◆ WHAT YOU SHOULD DO ◆
With the line containing "Por su parte, el" as the start and the line containing "金融海嘯影響香港市道,但圣誕" as the end, transcribe that span of the entries below exactly, including both.

Start of DATA

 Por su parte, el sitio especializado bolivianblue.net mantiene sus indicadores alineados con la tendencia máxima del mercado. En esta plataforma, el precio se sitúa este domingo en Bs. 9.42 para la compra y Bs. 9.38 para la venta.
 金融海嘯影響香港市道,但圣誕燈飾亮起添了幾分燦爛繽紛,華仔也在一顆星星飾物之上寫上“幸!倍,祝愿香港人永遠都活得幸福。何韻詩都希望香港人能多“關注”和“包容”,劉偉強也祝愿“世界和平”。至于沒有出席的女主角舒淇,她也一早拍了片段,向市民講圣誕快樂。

End of DATA
Start of DATA

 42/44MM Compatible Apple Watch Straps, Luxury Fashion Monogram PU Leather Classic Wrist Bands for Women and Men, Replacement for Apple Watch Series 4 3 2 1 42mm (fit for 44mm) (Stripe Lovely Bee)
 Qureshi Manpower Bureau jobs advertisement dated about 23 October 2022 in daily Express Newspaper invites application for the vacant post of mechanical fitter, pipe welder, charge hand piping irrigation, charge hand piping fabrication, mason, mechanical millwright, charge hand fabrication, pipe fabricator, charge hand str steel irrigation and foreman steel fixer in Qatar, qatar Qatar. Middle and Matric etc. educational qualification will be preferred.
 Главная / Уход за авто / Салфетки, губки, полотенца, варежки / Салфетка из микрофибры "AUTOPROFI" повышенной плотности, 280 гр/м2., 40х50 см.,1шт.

End of DATA
Start of DATA

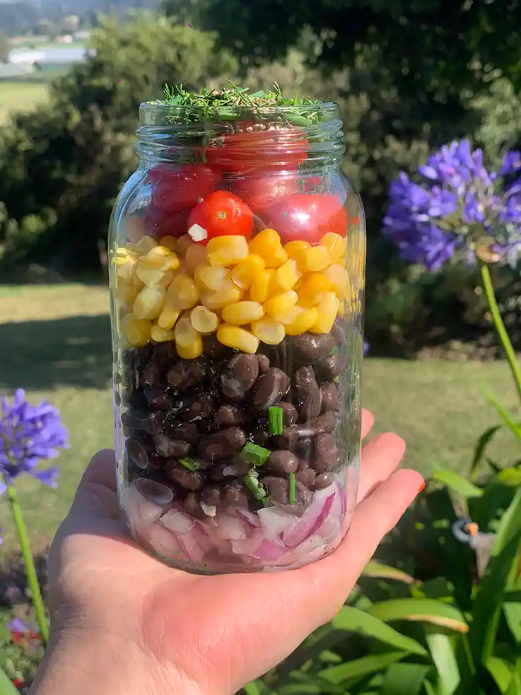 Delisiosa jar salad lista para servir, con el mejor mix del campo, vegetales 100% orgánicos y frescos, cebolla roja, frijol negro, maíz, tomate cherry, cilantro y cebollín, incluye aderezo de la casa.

End of DATA

◆ RESULT OF THE EXERCISE ◆
 Por su parte, el sitio especializado bolivianblue.net mantiene sus indicadores alineados con la tendencia máxima del mercado. En esta plataforma, el precio se sitúa este domingo en Bs. 9.42 para la compra y Bs. 9.38 para la venta.
 金融海嘯影響香港市道,但圣誕燈飾亮起添了幾分燦爛繽紛,華仔也在一顆星星飾物之上寫上“幸!倍,祝愿香港人永遠都活得幸福。何韻詩都希望香港人能多“關注”和“包容”,劉偉強也祝愿“世界和平”。至于沒有出席的女主角舒淇,她也一早拍了片段,向市民講圣誕快樂。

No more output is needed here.